Managing Pension Risk

How Plan Sponsors Are Using LDI and Alternatives

Drew Cronin, Vice President and Director of Strategy at FactSet

The continued advance of what has now become the longest bull market in U.S. stock market history has helped drive pension plan funded ratios higher. Even so, most plans remain significantly underfunded, leaving their sponsors grappling with two sometimes contradictory pressures: managing risk—especially with equity valuations high—while simultaneously seeking to grow assets.

To find out how plan sponsors are responding, CIO recently polled more than 100 institutional investors around the globe—85% of whom operate defined benefit pension plans—on their approach to two common strategies: liability-driven investing (LDI) and investing in alternative assets. To more fully understand what’s driving their thinking right now, our survey, commissioned by FactSet, also asked them which macroeconomic factors will have the biggest impact on institutional portfolios over the next 12 months. Finally, we asked how they’re approaching common risk management functions: in-house or using outside vendors or consultants.

LDI Strategies Are Popular, but Not Without Challenges

LDI strategies generally revolve, of course, around hedging a fund’s exposure to interest-rate risk and inflation risk using bonds, swaps, and other derivatives. By matching liabilities and assets, investors hope to stabilize, and over time shrink, their unfunded ratios.

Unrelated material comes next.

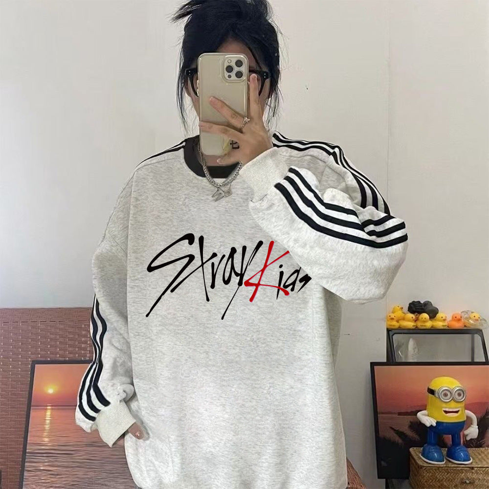 • The KPOP Logo Stripe Crew Neck Sweatshirt blends casual comfort with subtle style. Crafted with soft fabric, it offers cozy warmth and a relaxed fit ideal for everyday wear. The iconic KPOP logo paired with classic stripe detailing adds a trendy touch, making it a versatile piece that pairs well with jeans or joggers. Perfect for fans seeking a mix of comfort and street-inspired fashion.

It’s the polar opposite of trying to grow your way to fully funded status by seeking to earn the highest possible returns on equities and other higher-risk assets.

Unfortunately, the low interest-rate environment that has prevailed since the 2008 financial crisis has made it difficult for some plan sponsors to embrace LDI investing—to reconcile themselves to the low returns available in the fixed-income markets, that is, while bypassing the bigger gains they have been seeing in the equity markets.

Still, a clear majority of the survey respondents—55%—say their institutions are employing LDI strategies today. Those doing so have allocated on average about 45% of their portfolios to those strategies.
Among the survey respondents who aren’t using LDI strategies, the most significant reason for not doing so—cited by 46% of respondents as “very important” and another 38% as “somewhat important”—is their plan’s funded status. The bigger the gap between a plan’s liabilities and its assets, the costlier it becomes, in terms of potentially lost return opportunities, for the plan to shift away from equities and into fixed-income.

Not surprisingly, the interest-rate environment is the second biggest inhibitor to embracing LDI strategies, cited as “very important” by 38% of survey respondents and “somewhat important” by 46%. The lower the general level of interest rates, the costlier it becomes, again, to match assets and liabilities.

Alternative Investments Are Widely Embraced

While many plan sponsors find LDI an important risk-management tool, most also find they need to generate alpha somewhere in their portfolio—especially in a low-rate environment like the one that’s prevailed for the past decade. To that end, and to further diversify risk, many plan sponsors have allocated significant portions of their portfolios to alternative asset classes where returns typically do not correlate highly with equity returns and may sometimes outpace them. The most common of these alternatives is real estate, with 82% of survey respondents reporting some allocation to the asset class. Within that group, three in 10 plan sponsors have allocated 30% or more to the asset class.
Private equity is the second most popular alternative—held by 73% of survey respondents—followed by hedge funds, infrastructure, and, lastly, venture capital (held by only 33% of survey respondents).